**WHAT TO PRODUCE:**
Repeat exactly the lines of the material below that run from the "Senden Sie uns" line to the "울릉군(군수 김병수)은 8월" line, including both, and do not carry over any pictures.

**GIVEN RECORDS:**
---*---

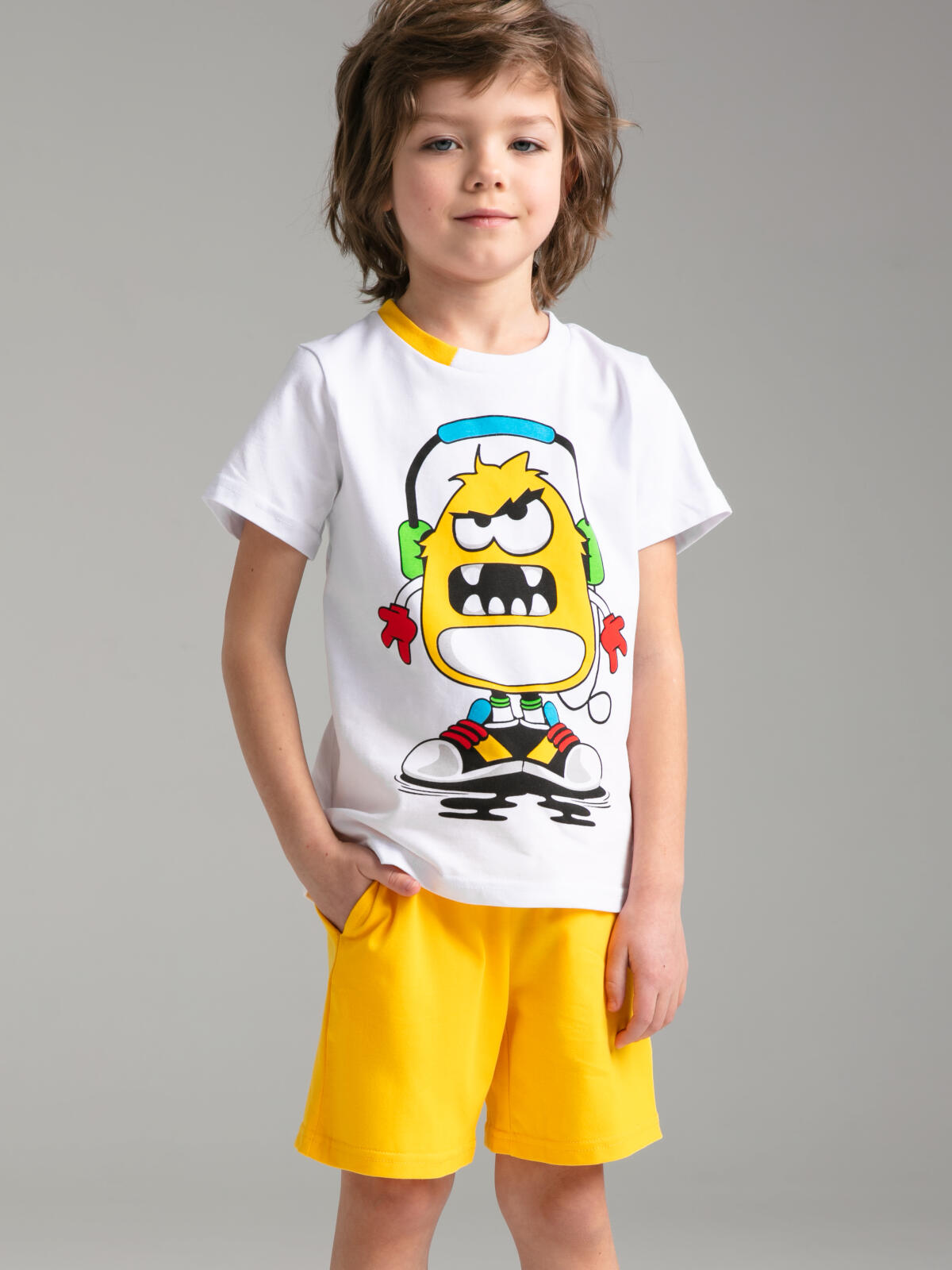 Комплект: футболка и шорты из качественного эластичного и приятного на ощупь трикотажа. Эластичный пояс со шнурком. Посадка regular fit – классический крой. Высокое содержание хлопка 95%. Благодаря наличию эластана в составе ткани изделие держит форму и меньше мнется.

---*---

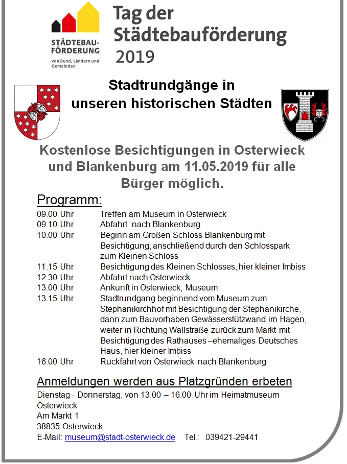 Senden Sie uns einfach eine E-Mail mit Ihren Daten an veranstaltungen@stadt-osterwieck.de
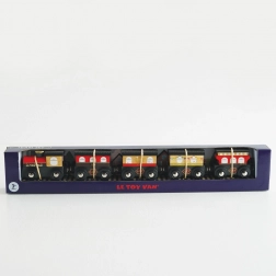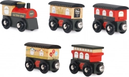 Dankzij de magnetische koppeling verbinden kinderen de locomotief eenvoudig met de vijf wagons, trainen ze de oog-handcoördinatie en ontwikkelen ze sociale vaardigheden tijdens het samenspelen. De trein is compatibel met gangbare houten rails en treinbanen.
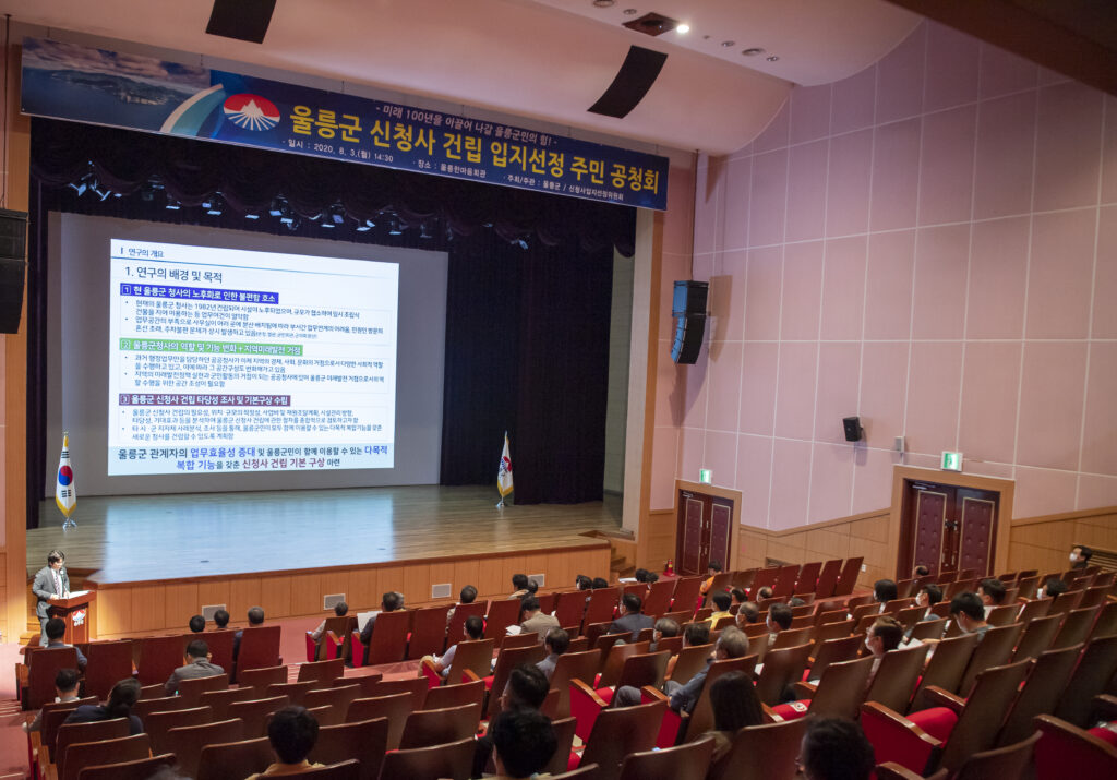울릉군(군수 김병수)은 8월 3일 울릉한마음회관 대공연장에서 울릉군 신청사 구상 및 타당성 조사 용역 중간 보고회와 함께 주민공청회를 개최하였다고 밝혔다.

---*---

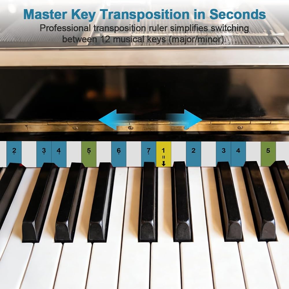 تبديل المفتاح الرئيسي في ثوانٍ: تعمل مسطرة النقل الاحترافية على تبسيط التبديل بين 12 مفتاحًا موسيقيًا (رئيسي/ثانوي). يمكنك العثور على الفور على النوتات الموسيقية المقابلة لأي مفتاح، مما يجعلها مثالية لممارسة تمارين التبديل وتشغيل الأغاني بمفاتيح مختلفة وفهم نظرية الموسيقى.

---*---

**EXERCISE ANSWER:**
 Senden Sie uns einfach eine E-Mail mit Ihren Daten an veranstaltungen@stadt-osterwieck.de
 Dankzij de magnetische koppeling verbinden kinderen de locomotief eenvoudig met de vijf wagons, trainen ze de oog-handcoördinatie en ontwikkelen ze sociale vaardigheden tijdens het samenspelen. De trein is compatibel met gangbare houten rails en treinbanen.
울릉군(군수 김병수)은 8월 3일 울릉한마음회관 대공연장에서 울릉군 신청사 구상 및 타당성 조사 용역 중간 보고회와 함께 주민공청회를 개최하였다고 밝혔다.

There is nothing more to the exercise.